# Aim of the exercise
Lower down are entries containing pictures. Copy exactly, without those pictures, the lines from the line with "Суточная норма витамина" through the line with "Calça Jeans All Black com".
[[ The records open ]]
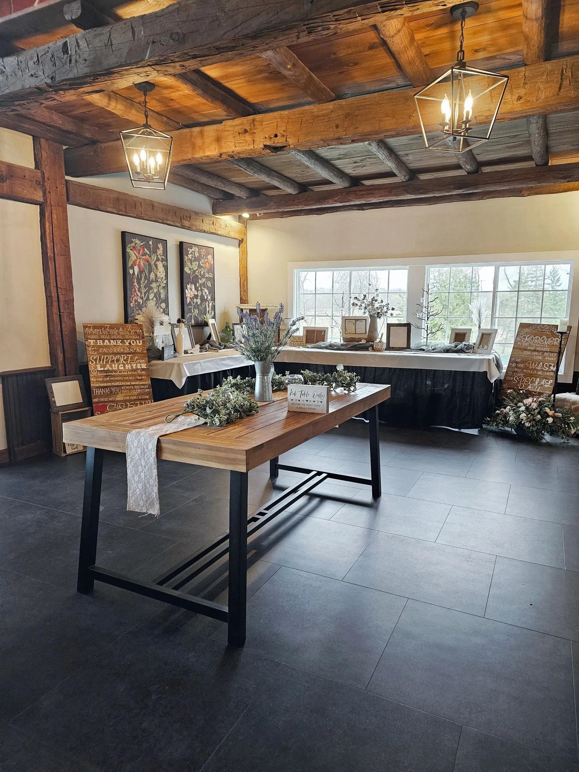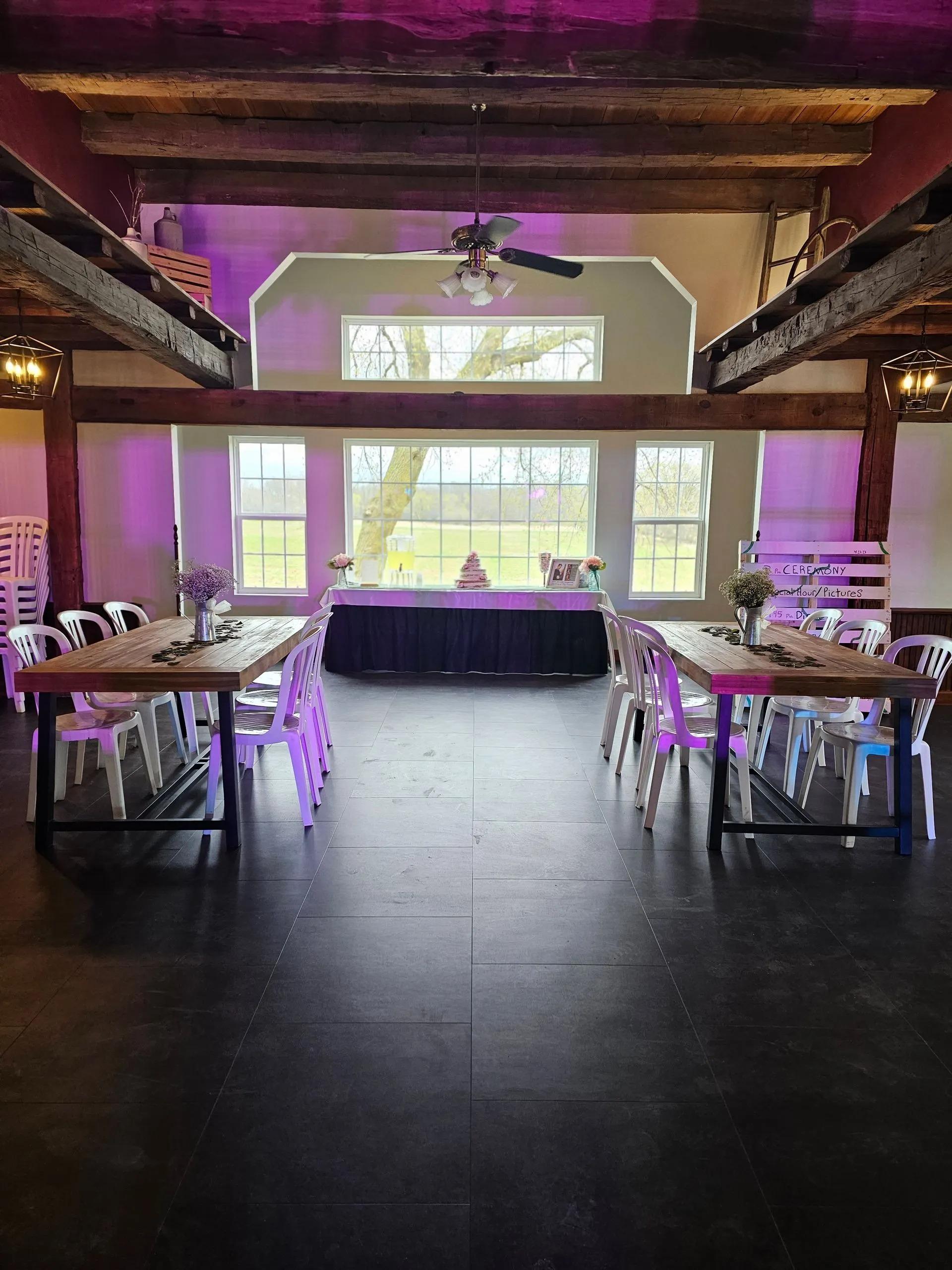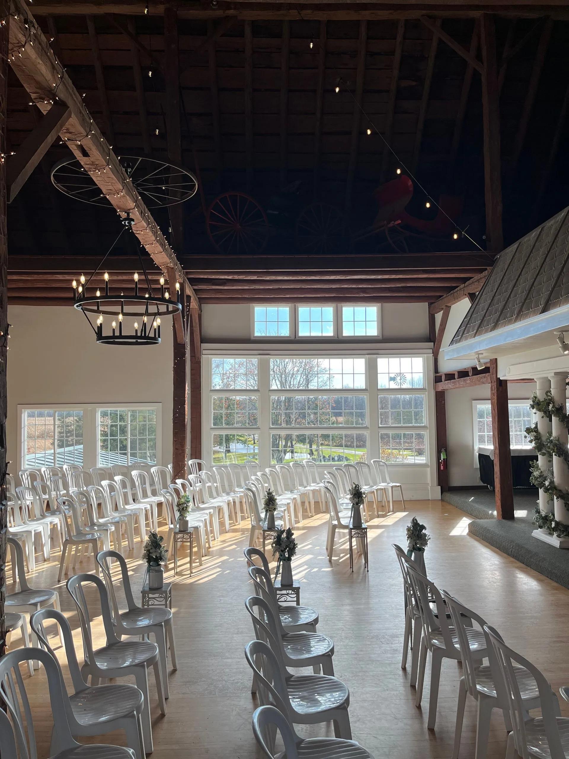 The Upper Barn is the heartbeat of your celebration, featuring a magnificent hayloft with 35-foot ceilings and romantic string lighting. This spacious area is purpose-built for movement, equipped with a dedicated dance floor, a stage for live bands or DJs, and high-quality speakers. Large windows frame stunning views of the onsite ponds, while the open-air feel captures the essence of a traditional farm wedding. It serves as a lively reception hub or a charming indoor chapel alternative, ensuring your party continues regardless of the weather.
[[ The records closed ]]
[[ The records open ]]
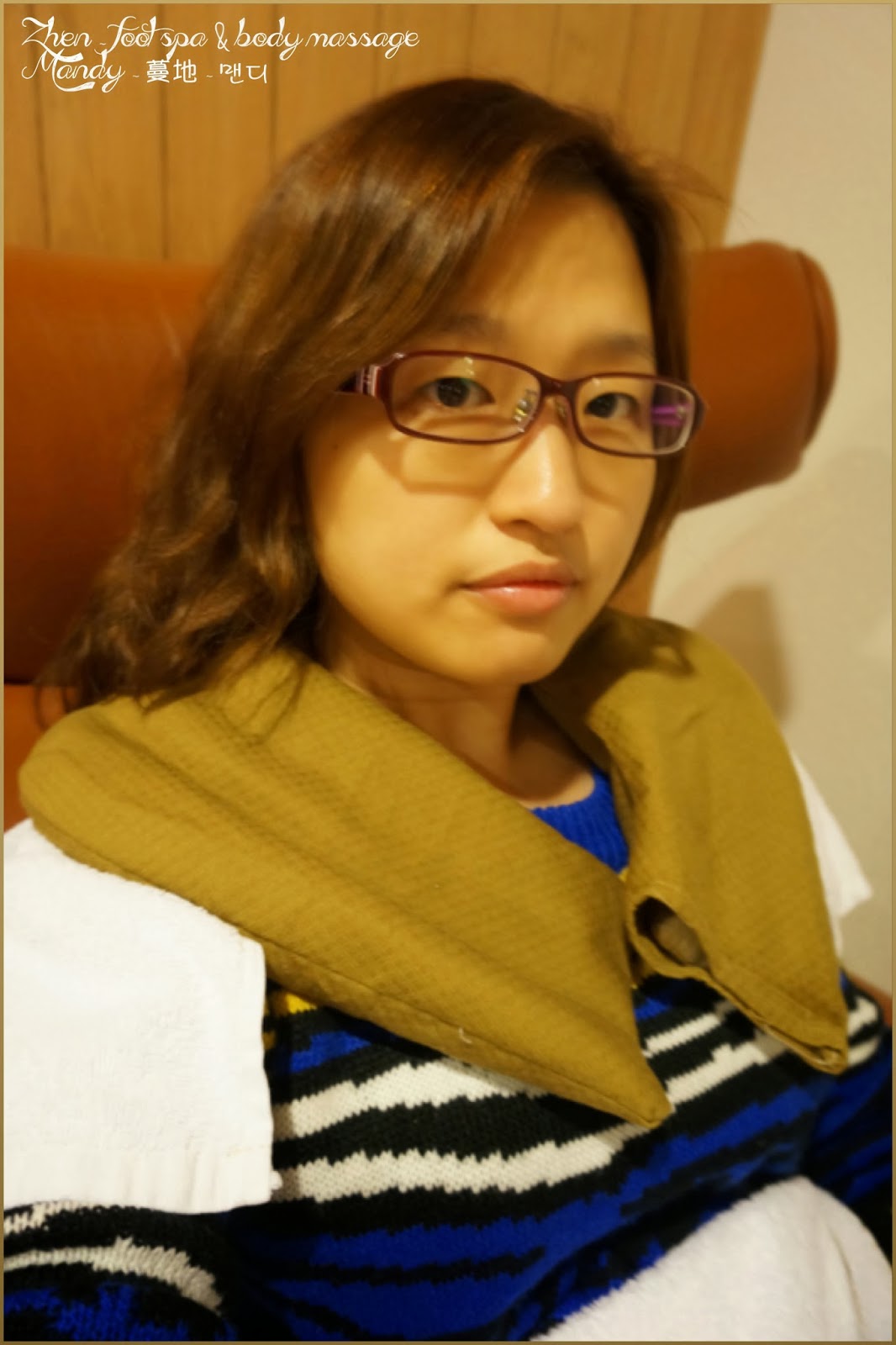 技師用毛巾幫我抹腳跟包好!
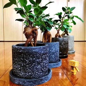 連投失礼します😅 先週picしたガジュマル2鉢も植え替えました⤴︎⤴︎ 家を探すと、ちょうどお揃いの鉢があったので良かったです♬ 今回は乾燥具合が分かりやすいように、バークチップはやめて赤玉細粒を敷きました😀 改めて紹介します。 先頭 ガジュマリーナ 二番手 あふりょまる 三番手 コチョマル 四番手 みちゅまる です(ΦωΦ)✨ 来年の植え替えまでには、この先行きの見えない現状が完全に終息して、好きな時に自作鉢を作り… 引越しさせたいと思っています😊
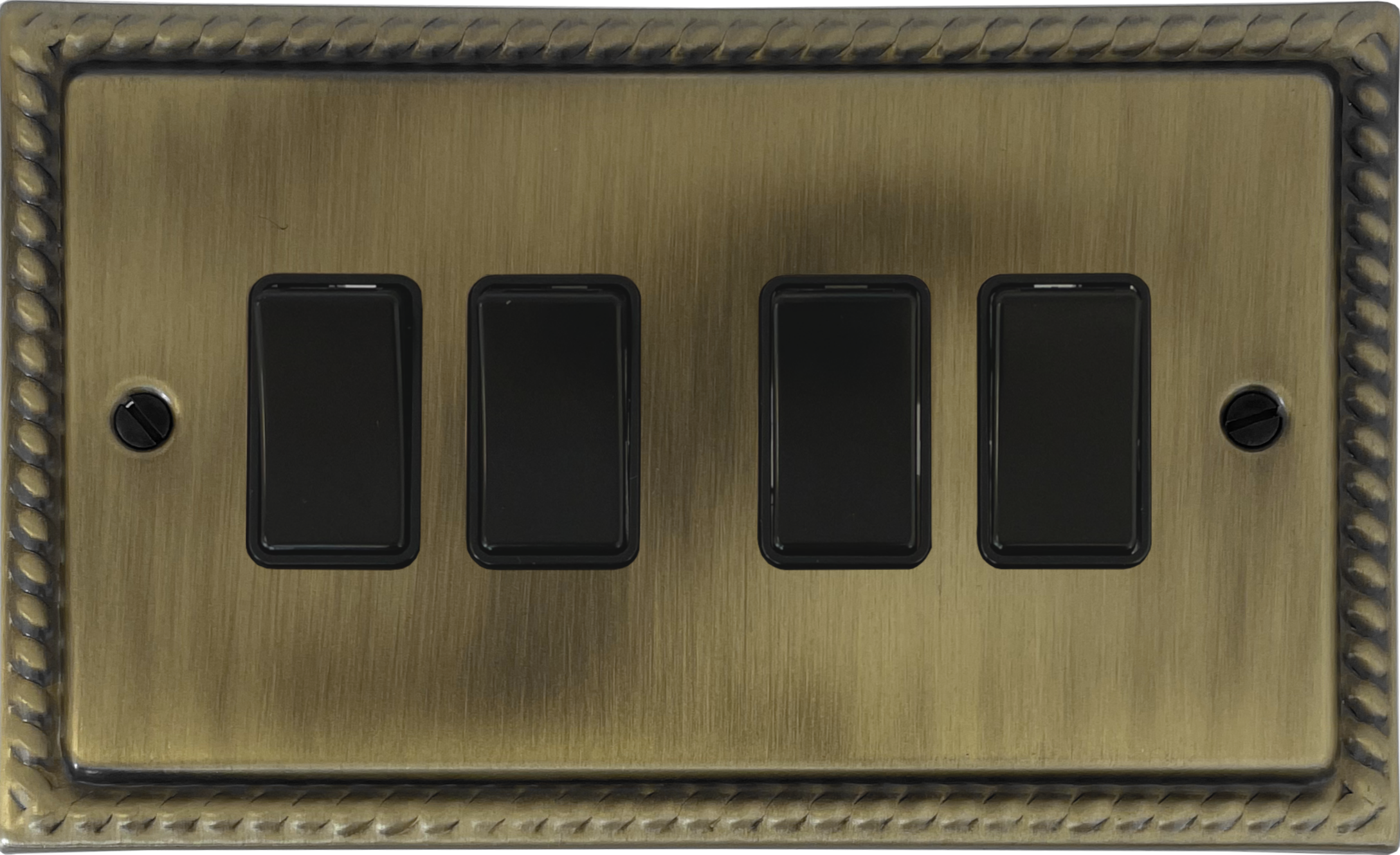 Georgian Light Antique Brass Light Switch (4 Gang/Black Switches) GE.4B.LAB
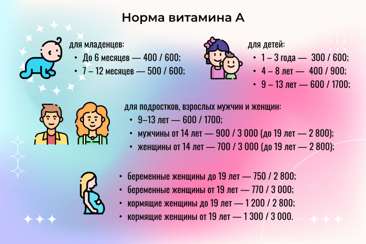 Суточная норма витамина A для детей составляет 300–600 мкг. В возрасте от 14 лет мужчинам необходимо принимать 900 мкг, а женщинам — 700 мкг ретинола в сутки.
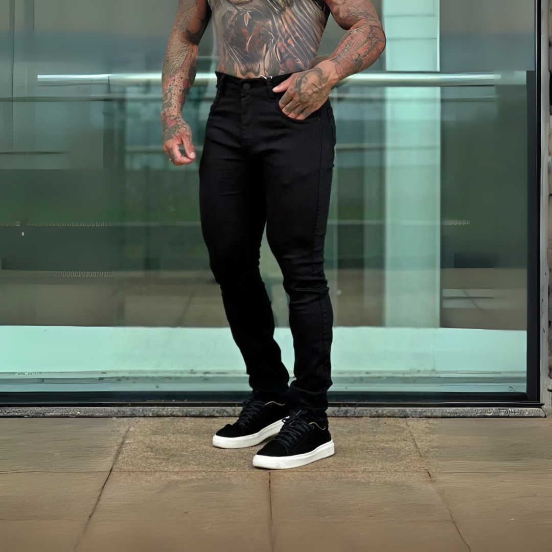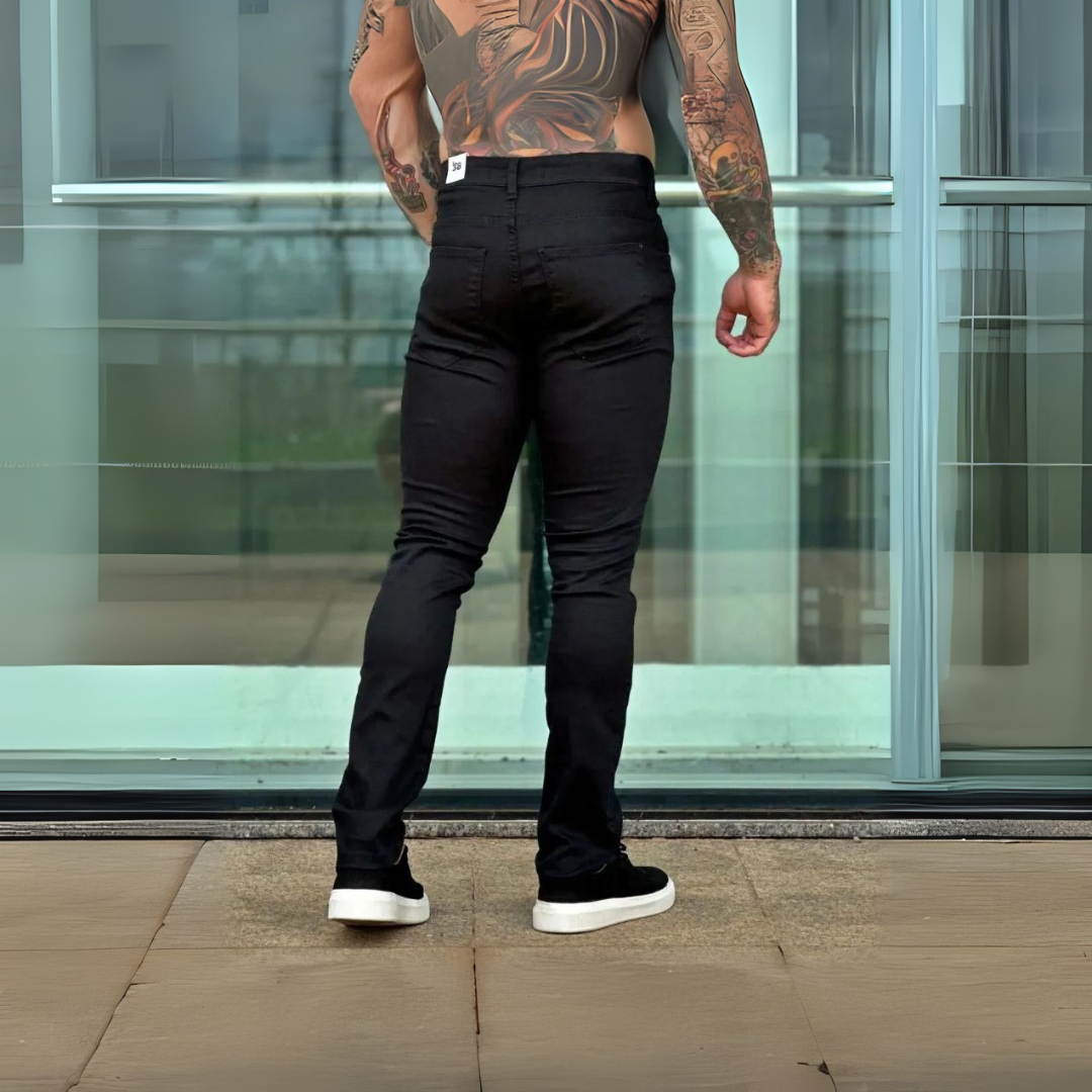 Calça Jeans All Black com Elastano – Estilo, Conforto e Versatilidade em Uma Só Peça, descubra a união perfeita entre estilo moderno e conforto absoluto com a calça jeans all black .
[[ The records closed ]]
# Task output
 Суточная норма витамина A для детей составляет 300–600 мкг. В возрасте от 14 лет мужчинам необходимо принимать 900 мкг, а женщинам — 700 мкг ретинола в сутки.
 Calça Jeans All Black com Elastano – Estilo, Conforto e Versatilidade em Uma Só Peça, descubra a união perfeita entre estilo moderno e conforto absoluto com a calça jeans all black .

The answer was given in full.